Segment Start: Provided information

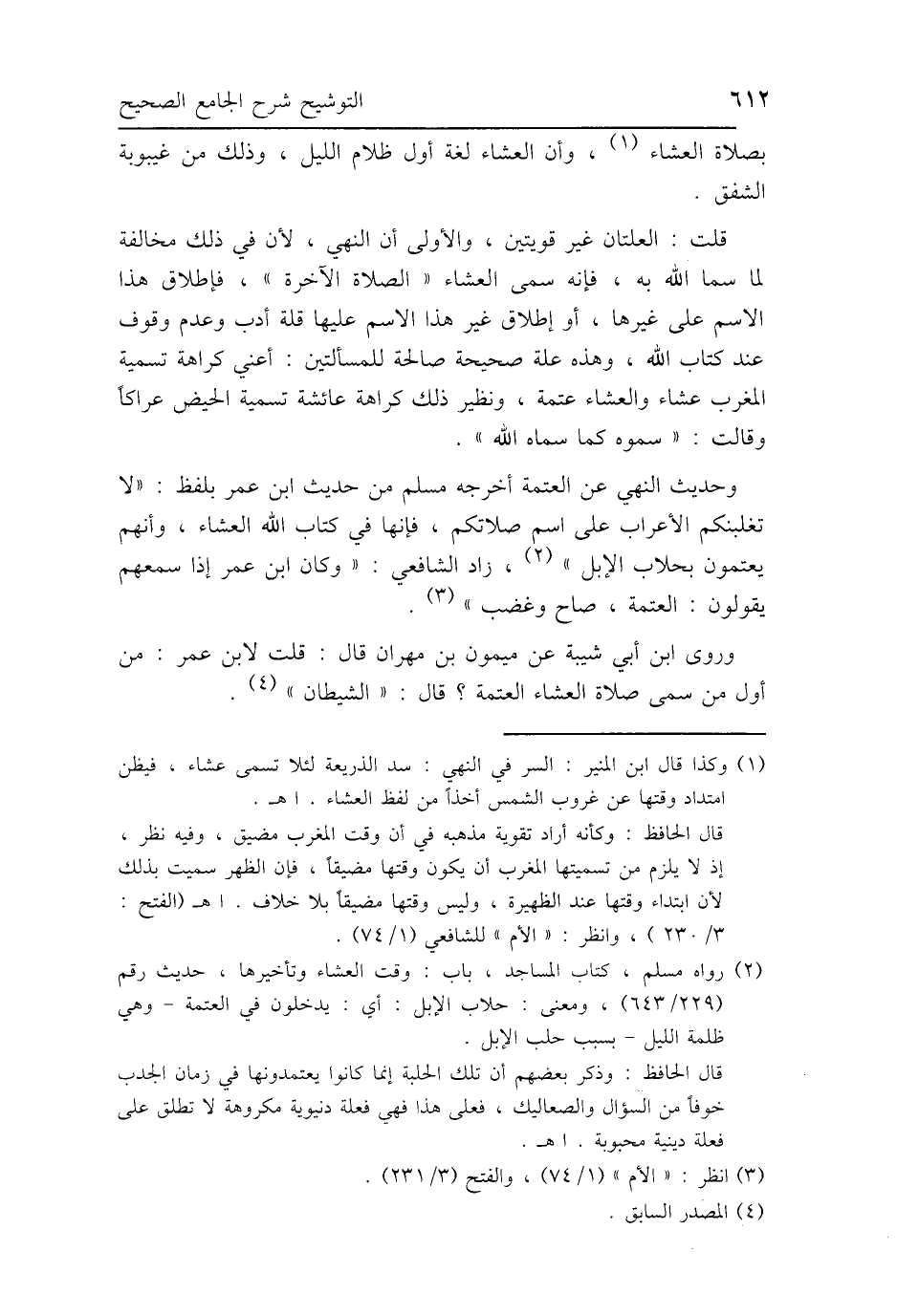وحديث النهي عن العتمة أخرجه مسلم من حديث ابن عمر بلفظ: "لا تغلبنكم الأعراب على اسم صلاتكم، فإنها في كتاب الله العشاء، وأنهم يعتمون بحلاب الإبل"، زاد الشافعي: "وكان ابن عمر إذا سمعهم يقولون: العتمة، صاح وغضب".
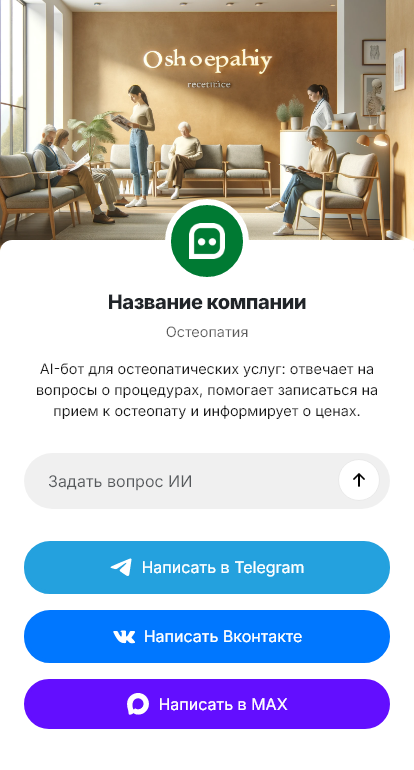 В итоге остеопатия получает больше подтверждённых записей и меньше потерь на первичном контакте. Бот работает в Telegram, VK, MAX и на сайте, превращая вопросы о приёме в реальные визиты.
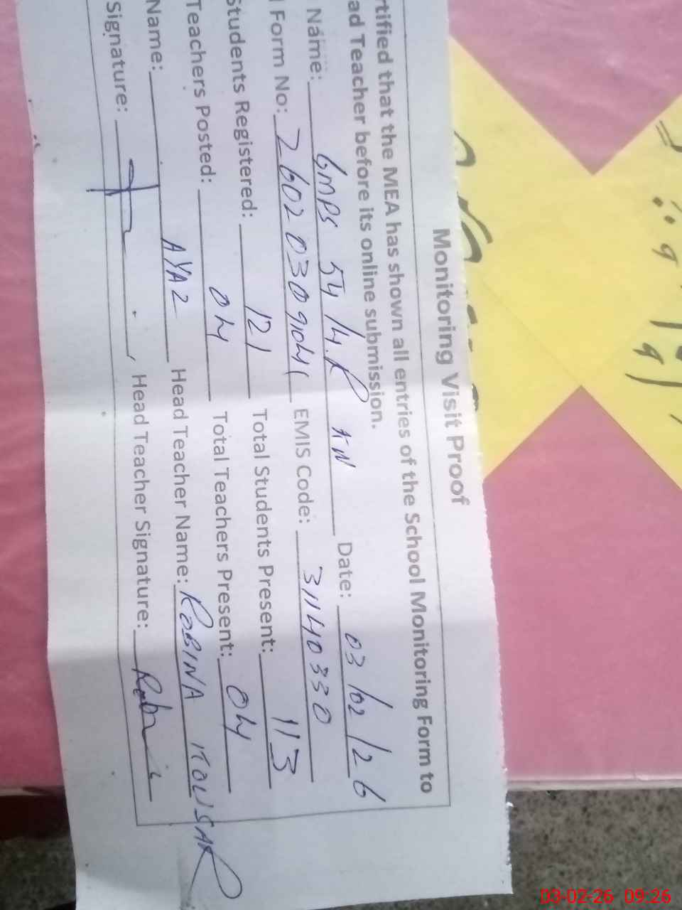 | Attendance Register | Head Teacher | MEA with School | Visit Proof |
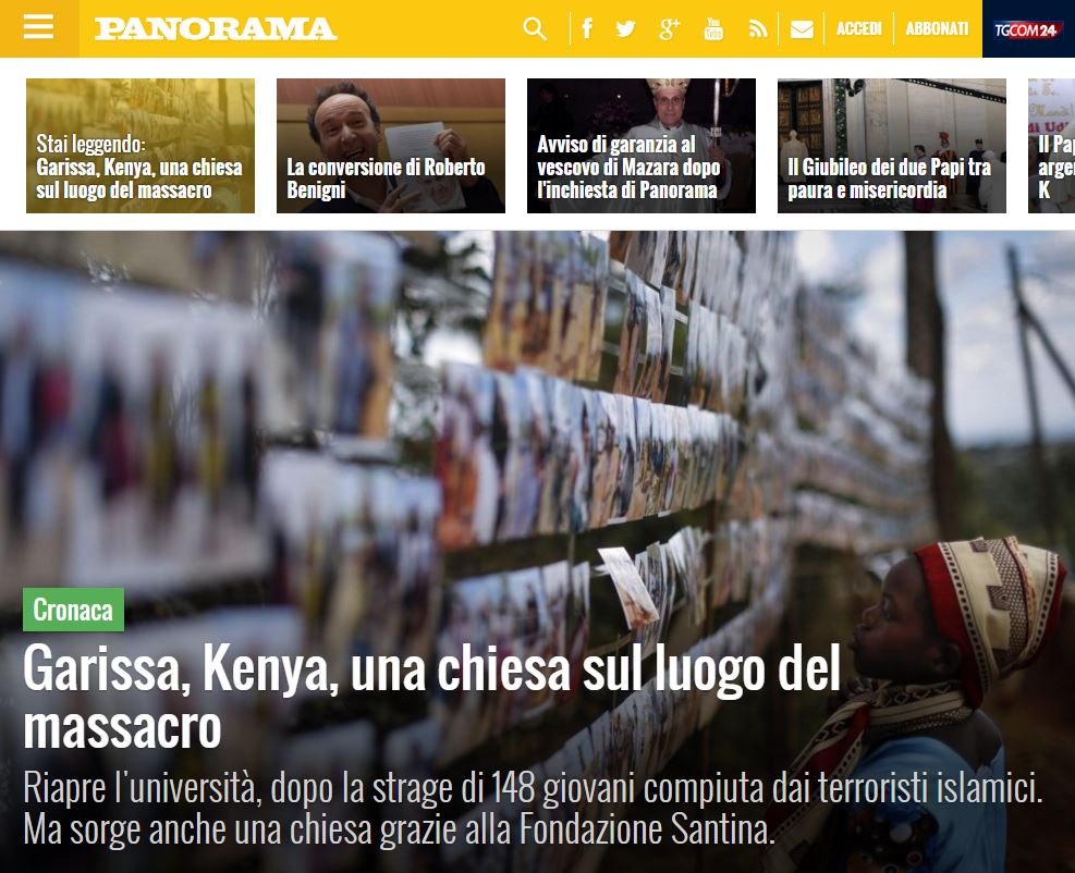 “Nella Diocesi di Garissa, in Kenya, è iniziata la costruzione di una chiesa in un luogo dove possedere una Bibbia equivale ad avere un arsenale di bombe nell’armadio e dove il Vangelo è un libro molto, ma molto pericoloso”. E’ quanto annuncia monsignor Guillermo Karcher, nella prefazione al libro ‘Opere di Luce’ scritto da monsignor Luigi Ginami con la vaticanista Vania De Luca, dove vengono ricordate e illustrate le iniziative di solidarietà e di volontariato messe in cantiere dalla fondazione Santina, dedicata alla figura di Santina Zucchinelli, di cui Ginami è fondatore e presidente. Il volume sarà presentato il 4 dicembre a Roma, a Palazzo Altieri, da monsignor Nunzio Galantino, segretario generale della Cei, la Conferenza Episcopale italiana, dal direttore di Tv2000 Lucio Brunelli, dall’editorialista di ‘Repubblica’ Stefano Folli e dai due autori. Nel volume compaiono volti e storie vere dalle periferie del mondo: dalla striscia di Gaza a Garissa in Kenya, dal Perù al Brasile, fino al Vietnam, “toccando con mano la Carne di Cristo nei poveri e nei sofferenti”, sottolinea monsignor Ginami. Continua monsignor Karcher a proposito del Kenya: “La scommessa di costruire un luogo di culto cristiano in una terra bagnata dal sangue dei 148 giovani martiri, uccisi per il semplice fatto di essere cristiani, costituisce dunque un seme di speranza, un faro di luce nelle tenebre della disperazione e dello sconforto. Proprio per questo – conclude monsignor Karcher – sono felice che il libro sia dedicato a questi eroici giovani che hanno dato la vita per Gesù”.
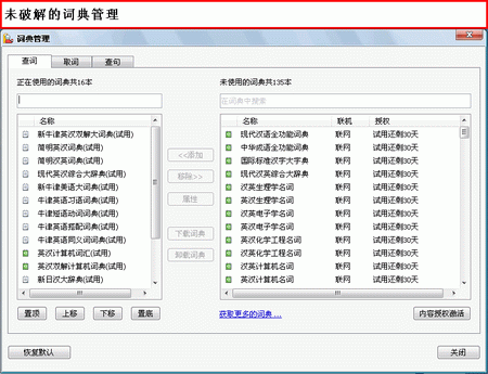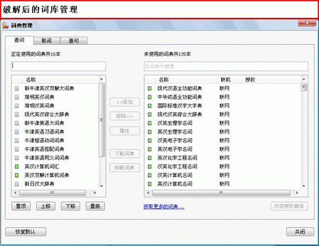 金山詞霸破解版基本包內(nèi)含金山詞霸2009主程序及《新牛津英漢雙解大詞典》等10本本地詞典。其余詞典、句庫(kù)、語(yǔ)音等需要聯(lián)網(wǎng)。
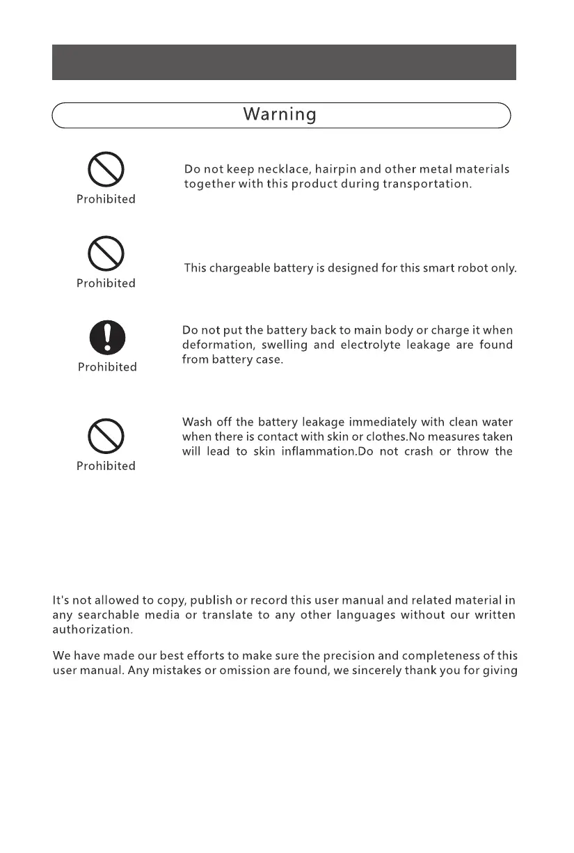 Cleanmate S 1000 - Safety Instructions; Transportation and Battery Warnings
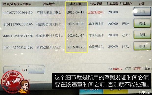 “違”張哥這個(gè)系列的選題原本都是我的同事張欣在更新,而我(廣州分站編輯陳海傭)平時(shí)很少寫用車類文章,但每次只要寫就說明我又?jǐn)偵鲜铝恕_@次比較尷尬,在春節(jié)放假前夕,因?yàn)檫`章過多被交警扣留行駛證。表面是把違章處理完就能拿回行駛證,可沒想到整個(gè)過程竟是如此一波三折,很多細(xì)節(jié)需要注意。據(jù)統(tǒng)計(jì),在今年春節(jié)期間,就有超過220萬(wàn)多條違章產(chǎn)生,不知道大家有沒有中招。如果有并且違章次數(shù)超過三次,那就要特別注意了,也希望我這次親身經(jīng)歷的分享能夠給大家一些啟發(fā)。
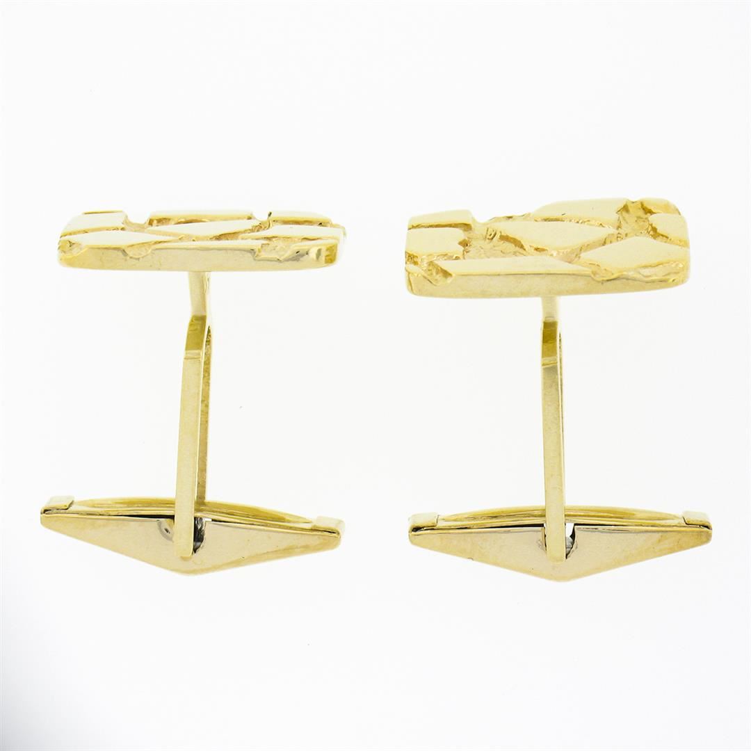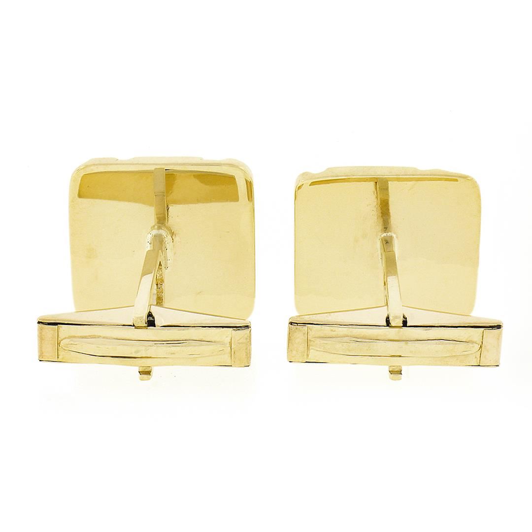 A solid 14k yellow gold cufflinks. These cuff links have a swivel design with a clearance of 15.35mm, weigh a total of 12.42. grams, and the front panels measure 16.35x16.45mm.
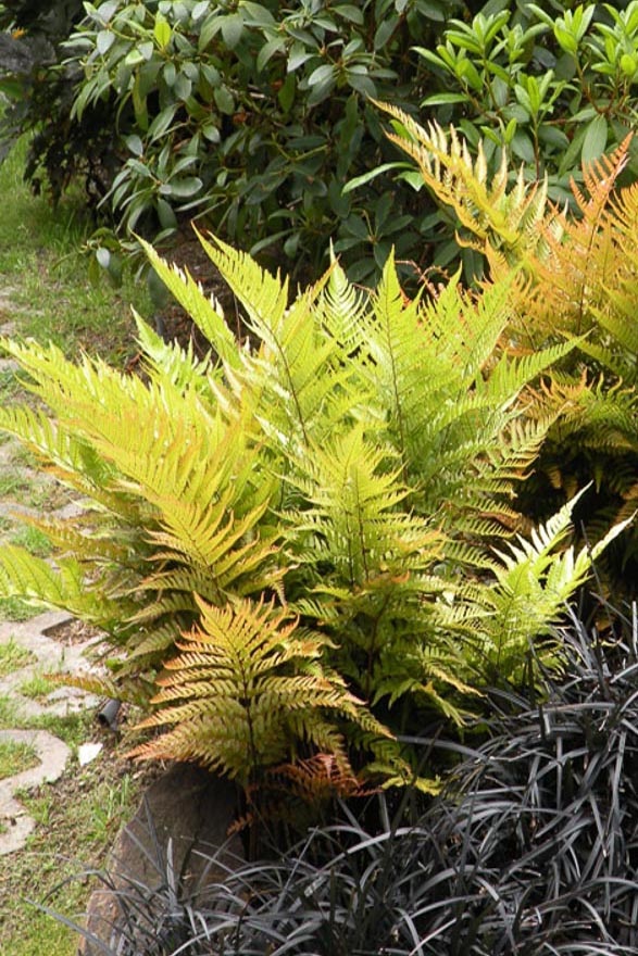 ЩИТНИК осінній, напіввічнозелена папороть висотою до 75 см, що утворює компактний пучок широкояйцевидного, двічі перистонадрізаного листя, часто мідно-рожевого кольору в молодому віці.
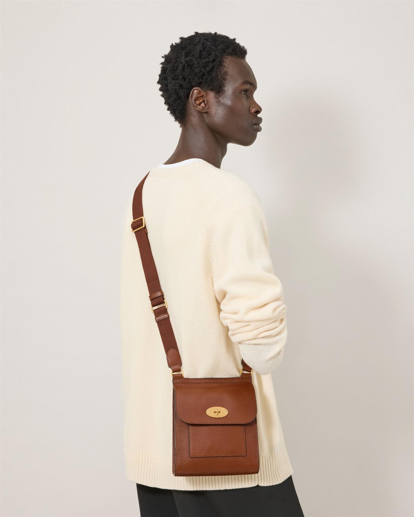 Den lille størrelsen gjør den perfekt for hverdagsbruk eller kveldsantrekk, samtidig som romslig hovedrom og praktiske lommer sørger for at du får plass til alt det viktigste. Justerbar skulderrem og ikoniske Mulberry-detaljer gir vesken både funksjonalitet og luksuriøs finish.

Segment End: Provided information

About this task: Give again exactly the lines from the one holding "Cleanmate S 1000" to the final line of the records, both ends included, and nothing more. Pictures do not belong in the copy.

Response area:
 Cleanmate S 1000 - Safety Instructions; Transportation and Battery Warnings
 “違”張哥這個(gè)系列的選題原本都是我的同事張欣在更新,而我(廣州分站編輯陳海傭)平時(shí)很少寫用車類文章,但每次只要寫就說明我又?jǐn)偵鲜铝恕_@次比較尷尬,在春節(jié)放假前夕,因?yàn)檫`章過多被交警扣留行駛證。表面是把違章處理完就能拿回行駛證,可沒想到整個(gè)過程竟是如此一波三折,很多細(xì)節(jié)需要注意。據(jù)統(tǒng)計(jì),在今年春節(jié)期間,就有超過220萬(wàn)多條違章產(chǎn)生,不知道大家有沒有中招。如果有并且違章次數(shù)超過三次,那就要特別注意了,也希望我這次親身經(jīng)歷的分享能夠給大家一些啟發(fā)。
 A solid 14k yellow gold cufflinks. These cuff links have a swivel design with a clearance of 15.35mm, weigh a total of 12.42. grams, and the front panels measure 16.35x16.45mm.
 ЩИТНИК осінній, напіввічнозелена папороть висотою до 75 см, що утворює компактний пучок широкояйцевидного, двічі перистонадрізаного листя, часто мідно-рожевого кольору в молодому віці.
 Den lille størrelsen gjør den perfekt for hverdagsbruk eller kveldsantrekk, samtidig som romslig hovedrom og praktiske lommer sørger for at du får plass til alt det viktigste. Justerbar skulderrem og ikoniske Mulberry-detaljer gir vesken både funksjonalitet og luksuriøs finish.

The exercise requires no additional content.